___ Extracted information ___

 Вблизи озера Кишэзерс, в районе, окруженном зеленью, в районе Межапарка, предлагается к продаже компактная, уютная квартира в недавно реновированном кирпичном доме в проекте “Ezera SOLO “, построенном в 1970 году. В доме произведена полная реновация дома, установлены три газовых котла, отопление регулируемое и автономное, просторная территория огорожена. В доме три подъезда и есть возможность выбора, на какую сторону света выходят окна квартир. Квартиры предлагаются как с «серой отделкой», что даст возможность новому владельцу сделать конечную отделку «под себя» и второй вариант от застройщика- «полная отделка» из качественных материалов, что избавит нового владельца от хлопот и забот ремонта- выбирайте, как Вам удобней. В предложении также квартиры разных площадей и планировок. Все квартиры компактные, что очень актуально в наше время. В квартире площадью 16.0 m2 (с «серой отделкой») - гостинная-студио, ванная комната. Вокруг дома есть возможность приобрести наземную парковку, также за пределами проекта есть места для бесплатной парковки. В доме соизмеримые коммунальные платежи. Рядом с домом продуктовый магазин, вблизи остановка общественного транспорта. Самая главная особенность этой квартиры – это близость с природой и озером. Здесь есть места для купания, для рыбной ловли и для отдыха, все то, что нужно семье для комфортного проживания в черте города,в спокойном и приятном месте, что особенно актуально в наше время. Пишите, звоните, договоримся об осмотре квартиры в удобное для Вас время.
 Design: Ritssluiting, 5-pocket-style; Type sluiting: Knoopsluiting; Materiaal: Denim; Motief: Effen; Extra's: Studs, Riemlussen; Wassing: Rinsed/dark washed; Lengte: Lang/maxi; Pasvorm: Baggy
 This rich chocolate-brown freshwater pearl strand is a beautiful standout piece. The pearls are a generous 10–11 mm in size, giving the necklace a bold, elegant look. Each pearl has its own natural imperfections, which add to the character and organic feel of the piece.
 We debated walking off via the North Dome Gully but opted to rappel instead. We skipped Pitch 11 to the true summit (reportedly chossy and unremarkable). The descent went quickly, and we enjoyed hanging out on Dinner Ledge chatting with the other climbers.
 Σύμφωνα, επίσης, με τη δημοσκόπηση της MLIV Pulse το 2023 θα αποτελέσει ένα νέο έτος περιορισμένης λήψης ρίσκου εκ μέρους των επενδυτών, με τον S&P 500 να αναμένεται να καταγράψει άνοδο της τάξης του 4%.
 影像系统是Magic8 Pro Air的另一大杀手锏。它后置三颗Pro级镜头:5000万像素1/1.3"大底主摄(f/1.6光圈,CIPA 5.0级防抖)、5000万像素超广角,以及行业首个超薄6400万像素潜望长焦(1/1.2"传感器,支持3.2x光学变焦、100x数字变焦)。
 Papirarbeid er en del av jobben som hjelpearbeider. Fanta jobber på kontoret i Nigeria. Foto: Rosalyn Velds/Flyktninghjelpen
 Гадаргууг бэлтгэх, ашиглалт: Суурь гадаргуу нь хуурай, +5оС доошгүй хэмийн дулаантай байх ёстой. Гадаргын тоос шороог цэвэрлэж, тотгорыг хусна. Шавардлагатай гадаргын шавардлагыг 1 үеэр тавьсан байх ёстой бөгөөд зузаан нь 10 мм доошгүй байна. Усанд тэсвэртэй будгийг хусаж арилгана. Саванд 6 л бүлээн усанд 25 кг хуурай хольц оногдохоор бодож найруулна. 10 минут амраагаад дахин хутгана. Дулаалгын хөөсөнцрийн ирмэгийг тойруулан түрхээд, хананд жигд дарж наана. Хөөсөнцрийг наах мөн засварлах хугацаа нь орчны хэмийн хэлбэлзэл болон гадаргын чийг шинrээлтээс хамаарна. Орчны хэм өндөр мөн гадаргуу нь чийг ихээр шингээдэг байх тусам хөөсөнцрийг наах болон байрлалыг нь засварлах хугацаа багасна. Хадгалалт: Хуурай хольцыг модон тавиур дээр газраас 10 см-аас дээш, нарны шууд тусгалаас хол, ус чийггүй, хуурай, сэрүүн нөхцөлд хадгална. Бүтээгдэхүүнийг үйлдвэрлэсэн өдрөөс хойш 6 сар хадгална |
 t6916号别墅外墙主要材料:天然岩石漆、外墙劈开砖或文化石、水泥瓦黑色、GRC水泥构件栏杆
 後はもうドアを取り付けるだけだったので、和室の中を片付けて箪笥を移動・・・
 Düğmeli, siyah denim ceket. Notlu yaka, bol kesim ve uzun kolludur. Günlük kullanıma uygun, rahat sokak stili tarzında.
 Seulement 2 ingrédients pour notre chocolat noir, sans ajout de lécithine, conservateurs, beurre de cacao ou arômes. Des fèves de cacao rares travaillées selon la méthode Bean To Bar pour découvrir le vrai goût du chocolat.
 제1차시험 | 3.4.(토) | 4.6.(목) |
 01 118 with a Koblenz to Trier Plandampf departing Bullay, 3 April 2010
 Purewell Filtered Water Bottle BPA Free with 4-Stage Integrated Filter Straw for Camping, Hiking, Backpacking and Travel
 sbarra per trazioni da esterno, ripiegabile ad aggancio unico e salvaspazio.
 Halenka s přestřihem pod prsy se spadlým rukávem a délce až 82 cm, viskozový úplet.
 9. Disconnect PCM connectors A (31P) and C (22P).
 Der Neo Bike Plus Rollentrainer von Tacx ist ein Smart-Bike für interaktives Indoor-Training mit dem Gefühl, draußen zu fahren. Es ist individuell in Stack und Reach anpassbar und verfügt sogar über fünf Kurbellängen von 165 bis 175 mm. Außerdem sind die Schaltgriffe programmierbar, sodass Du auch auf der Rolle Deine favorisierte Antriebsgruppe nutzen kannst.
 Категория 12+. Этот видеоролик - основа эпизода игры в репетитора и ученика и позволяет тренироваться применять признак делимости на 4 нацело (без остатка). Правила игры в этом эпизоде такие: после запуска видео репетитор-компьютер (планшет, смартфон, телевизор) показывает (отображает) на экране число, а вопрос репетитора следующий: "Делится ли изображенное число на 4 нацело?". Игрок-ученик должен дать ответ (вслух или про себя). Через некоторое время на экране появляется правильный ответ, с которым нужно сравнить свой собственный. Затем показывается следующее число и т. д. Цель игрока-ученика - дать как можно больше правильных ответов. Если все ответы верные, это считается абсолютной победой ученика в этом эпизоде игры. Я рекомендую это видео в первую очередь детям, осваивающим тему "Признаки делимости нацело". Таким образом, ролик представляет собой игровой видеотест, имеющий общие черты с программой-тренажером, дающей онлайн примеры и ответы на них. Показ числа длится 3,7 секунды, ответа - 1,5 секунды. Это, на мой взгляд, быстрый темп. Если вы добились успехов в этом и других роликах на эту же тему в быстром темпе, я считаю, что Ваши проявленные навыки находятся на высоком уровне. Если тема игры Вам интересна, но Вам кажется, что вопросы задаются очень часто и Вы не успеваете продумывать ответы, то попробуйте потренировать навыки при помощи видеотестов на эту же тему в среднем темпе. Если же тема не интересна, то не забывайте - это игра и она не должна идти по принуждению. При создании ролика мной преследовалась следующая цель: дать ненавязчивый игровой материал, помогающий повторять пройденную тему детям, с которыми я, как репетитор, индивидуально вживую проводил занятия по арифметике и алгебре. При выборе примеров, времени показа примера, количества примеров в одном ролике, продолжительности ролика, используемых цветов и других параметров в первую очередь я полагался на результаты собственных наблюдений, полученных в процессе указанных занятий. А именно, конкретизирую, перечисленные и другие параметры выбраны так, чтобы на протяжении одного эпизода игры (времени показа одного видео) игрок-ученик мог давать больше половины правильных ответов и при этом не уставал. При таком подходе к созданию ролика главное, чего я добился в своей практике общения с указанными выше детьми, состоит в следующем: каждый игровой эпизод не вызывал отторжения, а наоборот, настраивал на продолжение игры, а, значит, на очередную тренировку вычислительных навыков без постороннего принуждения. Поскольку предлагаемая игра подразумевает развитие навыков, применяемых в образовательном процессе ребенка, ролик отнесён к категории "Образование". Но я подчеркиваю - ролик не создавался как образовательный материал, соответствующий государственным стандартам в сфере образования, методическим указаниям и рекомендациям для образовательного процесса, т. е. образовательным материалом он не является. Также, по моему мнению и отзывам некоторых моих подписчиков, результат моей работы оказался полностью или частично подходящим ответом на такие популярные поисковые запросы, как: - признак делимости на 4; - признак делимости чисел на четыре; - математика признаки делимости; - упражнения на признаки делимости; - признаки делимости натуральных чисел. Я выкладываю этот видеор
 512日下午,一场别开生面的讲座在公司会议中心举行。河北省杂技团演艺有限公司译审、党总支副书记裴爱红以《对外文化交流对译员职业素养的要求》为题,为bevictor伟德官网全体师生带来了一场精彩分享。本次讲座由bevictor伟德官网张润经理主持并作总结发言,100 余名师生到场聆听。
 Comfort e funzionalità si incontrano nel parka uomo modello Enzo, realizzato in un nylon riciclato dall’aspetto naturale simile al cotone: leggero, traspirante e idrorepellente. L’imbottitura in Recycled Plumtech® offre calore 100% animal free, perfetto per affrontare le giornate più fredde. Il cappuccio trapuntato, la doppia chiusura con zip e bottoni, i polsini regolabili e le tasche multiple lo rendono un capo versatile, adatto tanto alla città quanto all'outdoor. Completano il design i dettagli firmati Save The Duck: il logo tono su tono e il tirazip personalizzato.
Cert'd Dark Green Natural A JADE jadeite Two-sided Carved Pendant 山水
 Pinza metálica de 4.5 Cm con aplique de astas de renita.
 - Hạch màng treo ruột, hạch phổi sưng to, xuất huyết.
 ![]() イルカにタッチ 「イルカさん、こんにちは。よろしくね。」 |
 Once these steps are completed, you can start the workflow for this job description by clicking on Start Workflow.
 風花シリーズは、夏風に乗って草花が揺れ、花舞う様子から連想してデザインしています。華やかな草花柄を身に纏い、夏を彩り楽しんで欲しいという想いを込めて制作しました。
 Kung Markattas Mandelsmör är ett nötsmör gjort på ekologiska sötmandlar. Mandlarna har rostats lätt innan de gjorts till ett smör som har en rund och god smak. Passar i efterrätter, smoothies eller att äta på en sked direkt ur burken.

___

Beginning at the first line above, repeat exactly until the line containing "Design: Ritssluiting, 5-pocket-style;", which is included.

 Вблизи озера Кишэзерс, в районе, окруженном зеленью, в районе Межапарка, предлагается к продаже компактная, уютная квартира в недавно реновированном кирпичном доме в проекте “Ezera SOLO “, построенном в 1970 году. В доме произведена полная реновация дома, установлены три газовых котла, отопление регулируемое и автономное, просторная территория огорожена. В доме три подъезда и есть возможность выбора, на какую сторону света выходят окна квартир. Квартиры предлагаются как с «серой отделкой», что даст возможность новому владельцу сделать конечную отделку «под себя» и второй вариант от застройщика- «полная отделка» из качественных материалов, что избавит нового владельца от хлопот и забот ремонта- выбирайте, как Вам удобней. В предложении также квартиры разных площадей и планировок. Все квартиры компактные, что очень актуально в наше время. В квартире площадью 16.0 m2 (с «серой отделкой») - гостинная-студио, ванная комната. Вокруг дома есть возможность приобрести наземную парковку, также за пределами проекта есть места для бесплатной парковки. В доме соизмеримые коммунальные платежи. Рядом с домом продуктовый магазин, вблизи остановка общественного транспорта. Самая главная особенность этой квартиры – это близость с природой и озером. Здесь есть места для купания, для рыбной ловли и для отдыха, все то, что нужно семье для комфортного проживания в черте города,в спокойном и приятном месте, что особенно актуально в наше время. Пишите, звоните, договоримся об осмотре квартиры в удобное для Вас время.
 Design: Ritssluiting, 5-pocket-style; Type sluiting: Knoopsluiting; Materiaal: Denim; Motief: Effen; Extra's: Studs, Riemlussen; Wassing: Rinsed/dark washed; Lengte: Lang/maxi; Pasvorm: Baggy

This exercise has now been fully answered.